**WHAT YOU ARE ASKED TO DO:** Pictures are not part of the copy; reproduce the remaining data exactly.

━━━━━━━━━━

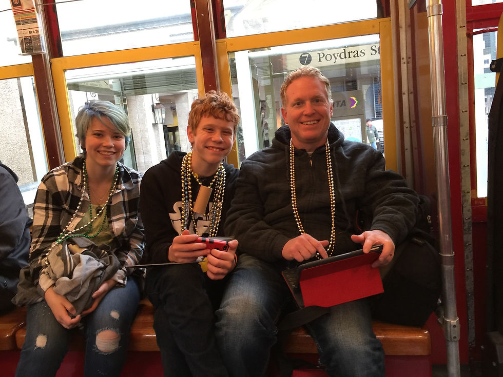 We are back on the shuttle today and heading to the National WWII Museum. It is in the Warehouse District near the French Quarter. Due to the fact that Mardi Gras is on Tuesday, the French Quarter is very busy now and we have a new drop off spot. This worked out great for us though, because we just got on one of the red trolley line and it took us close to the museum. We can ride the trolley all day for $3, so we chose to do that. The trolley operator was really funny and gave us a tour while the trolley was trundling along. When we went by Jackson Square, she shouted out that it was built for Michael Jackson. It was, in fact, to commemorate Andrew Jackson. When we got to Toulouse Street, she shouted out it was named because your pants are too loose. Every time someone disembarked she would say, “glad you came, sorry you had to stay so long”. We enjoyed our trolley ride very much.
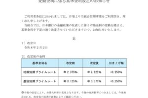 変動金利に係る基準金利改定のお知らせ
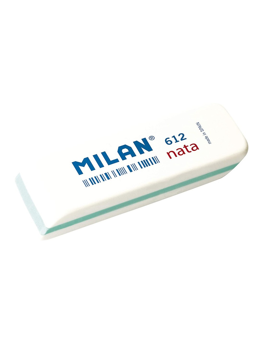 Goma nata® de plástico blanca, suave, versátil y no abrasiva. Para borrar sobre todo tipo de superficies. No daña el papel. Goma biselada blanca con un ribete de color rojo. Medidas goma: 7,8 x 2,3 x 1,2 cm. Las gomas de borrar MILAN están fabricadas en España desde 1918.
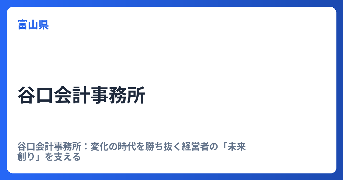 谷口会計事務所:変化の時代を勝ち抜く経営者の「未来創り」を支える 激変するビジネス環境において、企業が持続的に成長を遂げるためには、経営者自身が明確なビジョンを持ち、変化を恐れず挑戦し続けることが不可欠です。谷口会計事務所は、「人の未来は...
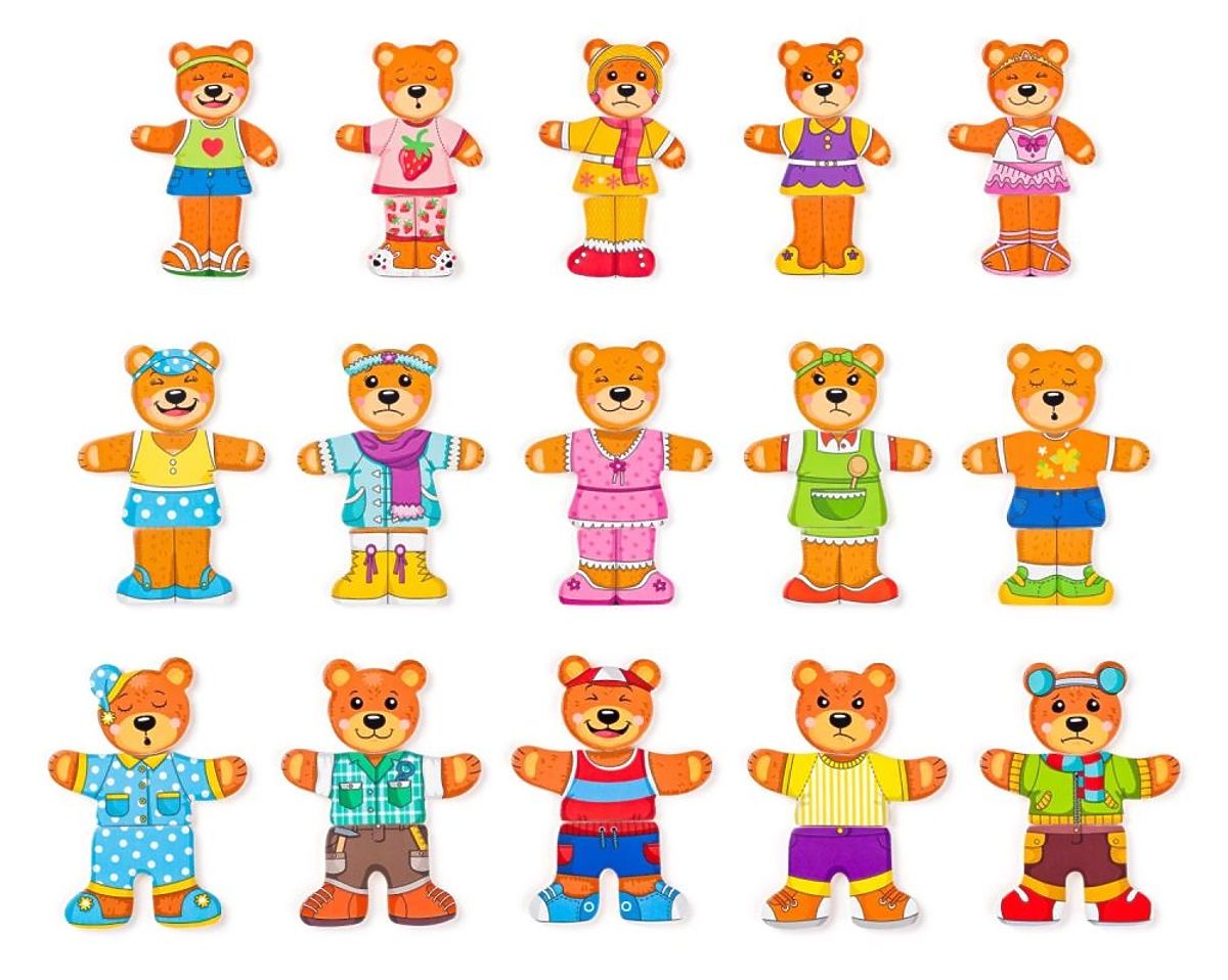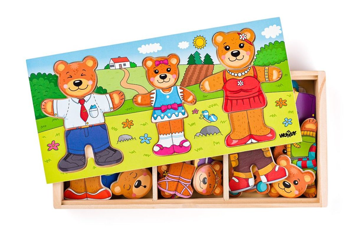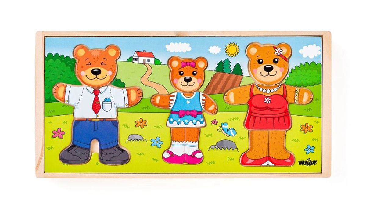 Le puzzle en bois "Habille la famille d'ours" est un excellent exercice pour développer les compétences manuelles de l'enfant et son imagination. Dans ce puzzle, il faut choisir les différentes parties de l'ours : la tête, le torse et les jambes, de manière à ce que les vêtements correspondent par exemple au temps, à l'humeur ou à ce que l'ours va faire. Grâce au fait que chaque tête a une expression différente, l'enfant peut également apprendre à reconnaître et nommer les émotions, ce qui est une bonne leçon d'empathie. Pourquoi quelqu'un peut-il être triste, en colère ou effrayé et que faire dans une telle situation ?
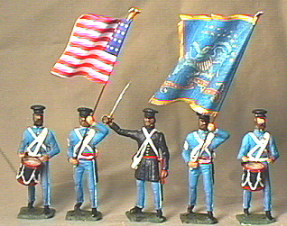 Reviresco’s U.S. Infantry Color Party kit contains one officer, two drummers and two standard bearers with printed paper U.S. Flag and Regimental Flag.
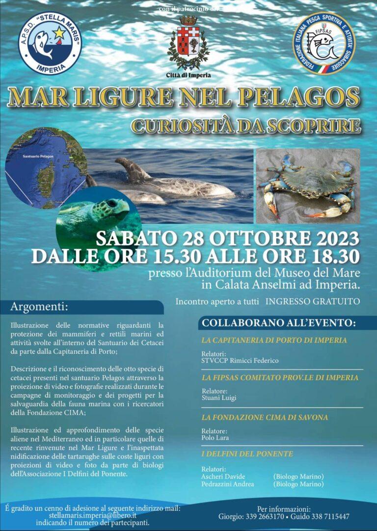 15.30-18.30. ‘Mar Ligure nel Pelagos – curiosità da scoprire’: incontro aperto al pubblico con la partecipazione di numerosi relatori. Evento a cura dell’associazione Stella Maris di Imperia. Auditorium del Museo del Mare in Calata Anselmi (locandina)
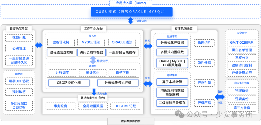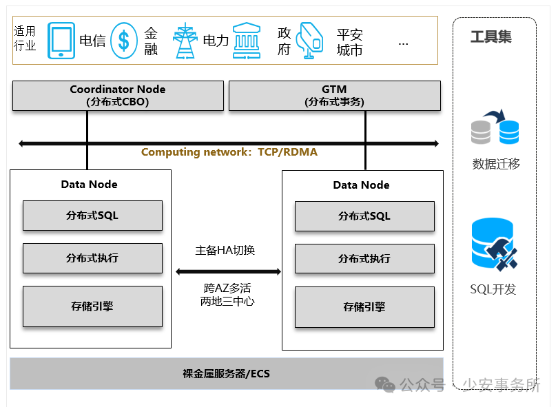 中兴GoldenDB是自主研发的分布式数据库系统,整体由计算节点、数据节点、全局事务管理器、管理节点四种核心模块组成,外围包含导入导出模块,以及相关的备份、恢复等运维工具。整个系统采用高可靠性设计无单点故障,计算节点为无状态多节点部署,数据集群内由多个安全分片组构成,每个安全分片组内数据节点主备多机部署,全局事务管理器主备多机部署。支持多集群及动态扩容,每个集群由多个安全分片组组成,每个安全分片组内部包含主备复制关系的数据库节点,可动态对集群内的安全分片组数量进行扩容以及动态增加集群的数量。通过全局事务管理器支持多节点的分布式事务,保证数据一致性。兼容SQL92、SQL99、SQL2003标准语法,完全兼容MySQL语法,兼容常用Oracle、DB2语法。GoldenDB 成功通过金融、运营商行业现网多年严苛考验,服务超百家重点行业用户,引领各行业核心业务数据库分布式架构转型;在行业主管部门的指导下引领标准制定,与行业伙伴共建新生态。
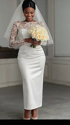 This bridal outfit is seriously stunning! It’s like a super elegant pencil skirt, but make it wedding-appropriate! The long sleeves covered in lace are super fancy, and the whole look is giving off major “I’ve got my life together” vibes. She looks like she could walk down the aisle and then immediately give a TED Talk.
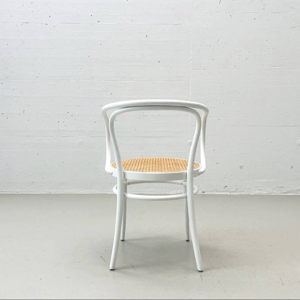 Le sedie sono realizzate con la classica tecnica Thonet di curvatura a vapore. La struttura è verniciata in bianco chiaro, una finitura che esalta il carattere leggero e contemporaneo del modello. La seduta rotonda in intreccio viennese crea un piacevole contrasto caldo con la struttura bianca. Sotto la seduta, l'anello in legno curvato garantisce stabilità e robustezza.
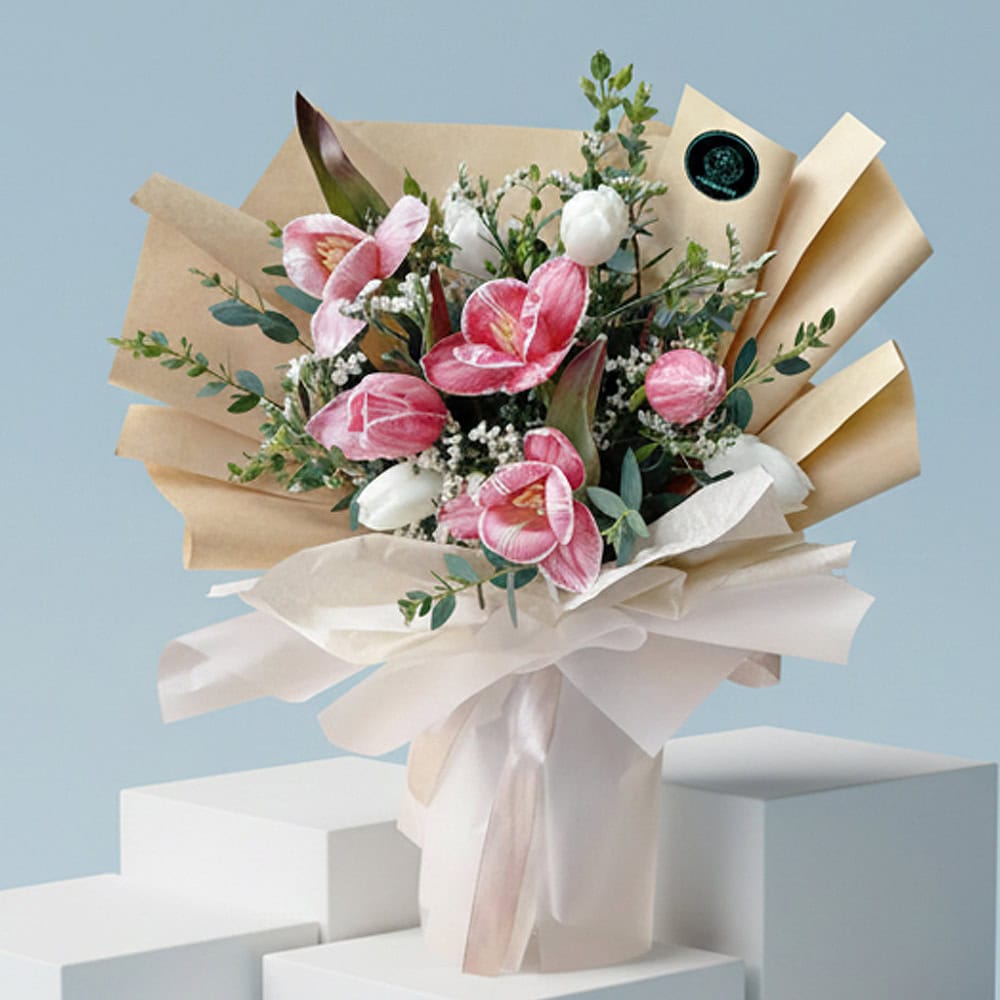 • At Tumshoo – Dubai’s trusted fresh flower shop, we use the freshest premium flowers in every arrangement. However, some fillers, foliage, or flower colors may be seasonal or subject to availability. In such cases, our expert florists in Dubai will hand-select the best available alternatives to beautifully complement your bouquet or floral arrangement while maintaining its original design and elegance.

━━━━━━━━━━

**SOLUTION BELOW:**
 We are back on the shuttle today and heading to the National WWII Museum. It is in the Warehouse District near the French Quarter. Due to the fact that Mardi Gras is on Tuesday, the French Quarter is very busy now and we have a new drop off spot. This worked out great for us though, because we just got on one of the red trolley line and it took us close to the museum. We can ride the trolley all day for $3, so we chose to do that. The trolley operator was really funny and gave us a tour while the trolley was trundling along. When we went by Jackson Square, she shouted out that it was built for Michael Jackson. It was, in fact, to commemorate Andrew Jackson. When we got to Toulouse Street, she shouted out it was named because your pants are too loose. Every time someone disembarked she would say, “glad you came, sorry you had to stay so long”. We enjoyed our trolley ride very much.
 変動金利に係る基準金利改定のお知らせ
 Goma nata® de plástico blanca, suave, versátil y no abrasiva. Para borrar sobre todo tipo de superficies. No daña el papel. Goma biselada blanca con un ribete de color rojo. Medidas goma: 7,8 x 2,3 x 1,2 cm. Las gomas de borrar MILAN están fabricadas en España desde 1918.
 谷口会計事務所:変化の時代を勝ち抜く経営者の「未来創り」を支える 激変するビジネス環境において、企業が持続的に成長を遂げるためには、経営者自身が明確なビジョンを持ち、変化を恐れず挑戦し続けることが不可欠です。谷口会計事務所は、「人の未来は...
 Le puzzle en bois "Habille la famille d'ours" est un excellent exercice pour développer les compétences manuelles de l'enfant et son imagination. Dans ce puzzle, il faut choisir les différentes parties de l'ours : la tête, le torse et les jambes, de manière à ce que les vêtements correspondent par exemple au temps, à l'humeur ou à ce que l'ours va faire. Grâce au fait que chaque tête a une expression différente, l'enfant peut également apprendre à reconnaître et nommer les émotions, ce qui est une bonne leçon d'empathie. Pourquoi quelqu'un peut-il être triste, en colère ou effrayé et que faire dans une telle situation ?
 Reviresco’s U.S. Infantry Color Party kit contains one officer, two drummers and two standard bearers with printed paper U.S. Flag and Regimental Flag.
 15.30-18.30. ‘Mar Ligure nel Pelagos – curiosità da scoprire’: incontro aperto al pubblico con la partecipazione di numerosi relatori. Evento a cura dell’associazione Stella Maris di Imperia. Auditorium del Museo del Mare in Calata Anselmi (locandina)
 中兴GoldenDB是自主研发的分布式数据库系统,整体由计算节点、数据节点、全局事务管理器、管理节点四种核心模块组成,外围包含导入导出模块,以及相关的备份、恢复等运维工具。整个系统采用高可靠性设计无单点故障,计算节点为无状态多节点部署,数据集群内由多个安全分片组构成,每个安全分片组内数据节点主备多机部署,全局事务管理器主备多机部署。支持多集群及动态扩容,每个集群由多个安全分片组组成,每个安全分片组内部包含主备复制关系的数据库节点,可动态对集群内的安全分片组数量进行扩容以及动态增加集群的数量。通过全局事务管理器支持多节点的分布式事务,保证数据一致性。兼容SQL92、SQL99、SQL2003标准语法,完全兼容MySQL语法,兼容常用Oracle、DB2语法。GoldenDB 成功通过金融、运营商行业现网多年严苛考验,服务超百家重点行业用户,引领各行业核心业务数据库分布式架构转型;在行业主管部门的指导下引领标准制定,与行业伙伴共建新生态。
 This bridal outfit is seriously stunning! It’s like a super elegant pencil skirt, but make it wedding-appropriate! The long sleeves covered in lace are super fancy, and the whole look is giving off major “I’ve got my life together” vibes. She looks like she could walk down the aisle and then immediately give a TED Talk.
 Le sedie sono realizzate con la classica tecnica Thonet di curvatura a vapore. La struttura è verniciata in bianco chiaro, una finitura che esalta il carattere leggero e contemporaneo del modello. La seduta rotonda in intreccio viennese crea un piacevole contrasto caldo con la struttura bianca. Sotto la seduta, l'anello in legno curvato garantisce stabilità e robustezza.
 • At Tumshoo – Dubai’s trusted fresh flower shop, we use the freshest premium flowers in every arrangement. However, some fillers, foliage, or flower colors may be seasonal or subject to availability. In such cases, our expert florists in Dubai will hand-select the best available alternatives to beautifully complement your bouquet or floral arrangement while maintaining its original design and elegance.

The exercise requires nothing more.